Восстанавливая права природы, попранные церковью, Ренессанс был уже вооружен опытом всей предшествующей истории человечества, и новые герои побеждали уже не злые стихии, а те пагубные силы общества, которые препятствовали естественному развитию самого высокого творения природы — человека. Впервые после гибели античного мира центром художественного произведения стал человек с его мыслями и страстями. Это обстоятельство определило собой органическое развитие драматического действия, подчиненного движениям страстей и воле героя. Внешняя сценичность оказалась замененной внутренним драматизмом, при котором любопытство зрителей уступило место психологической заинтересованности в судьбе героев. Народная любовь к театру порождалась той любовью к человеку, которой была проникнута вся драматургия Ренессанса. Отсюда рождался и оптимизм возрожденческого театра Лопе де Вега и Шекспира, то суровый и мужественный, то светлый и беспечный.

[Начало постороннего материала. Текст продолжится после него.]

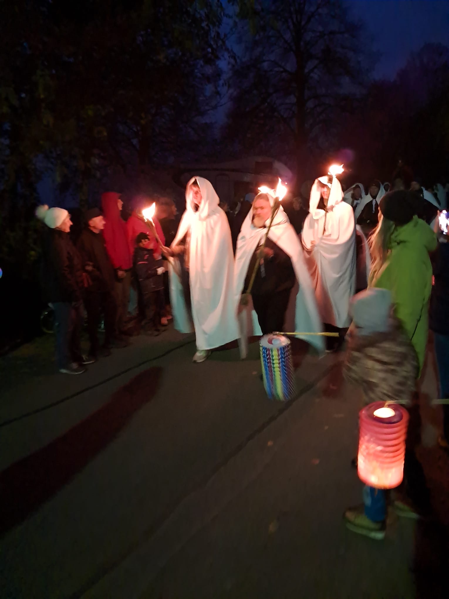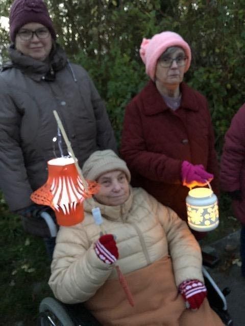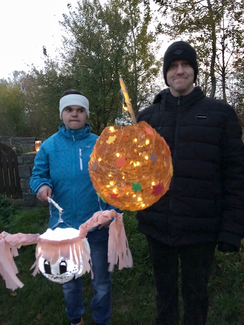 Blížící se svátek svatého Martina jsme si připomněli účastí na lampiónovém průvodu v obci. Pochod začal po setmění a v jeho čele jel Martin na bílém koni doprovázený světlonoši a bubeníky. Za nimi šli ostatní účastníci vybavení lampičkami nebo lampiony. My jsme si pro tuto akci vyrobili lampiony vlastní. I když byla pěkná zima, došli jsme v průvodu až na místní hřiště, kde jsme si dali horký čaj a ochutnali dobroty nabízené ve stáncích. A dokonce sněžilo!

Но ренессансное искусство не могло просуществовать долго. Оно исчезло, когда прошла героическая пора рождения нового общества, когда надежды на счастливое существование людей, освобожденных из-под власти феодала и из плена церкви, сменились горьким осознанием новых обстоятельств, подчиняющих массы народа силе денег. Вера в жизнь исчезла, и на смену великому искусству Шекспира и Лопе пришли другие авторы, уже неспособные преодолевать свою историческую и сословную ограниченность. Театр лишился своей души народного зрителя. Поднявшая голову религия уничтожала театральное искусство, действуя в одной стране как католическая ортодоксия, а в другой — как пуританская непримиримость.

Ренессансное искусство продолжало развиваться только во Франции, но и тут оно было лишено своей чувственной природы, творческого размаха и органической связи с народом. Классицизм уже не доверял жизни, он не мог полагаться на ее внутренние, естественные закономерности, которым смело доверяли Шекспир и Лопе. Жизнь представлялась классицистам неразумной стихией, обуздать которую мог только интеллект. Разум оказался приподнятым над жизнью, он должен был предписывать ей свои законы. Идеальное обособилось от реального, идея и быт выступили снова как враждующие между собой силы. Предполагалось, что заурядная действительность не может заключать в себе ничего возвышенного, и делался тот вывод, что искусство может быть истинным только в том случае, если оно уйдет в сферу абстрактной героики.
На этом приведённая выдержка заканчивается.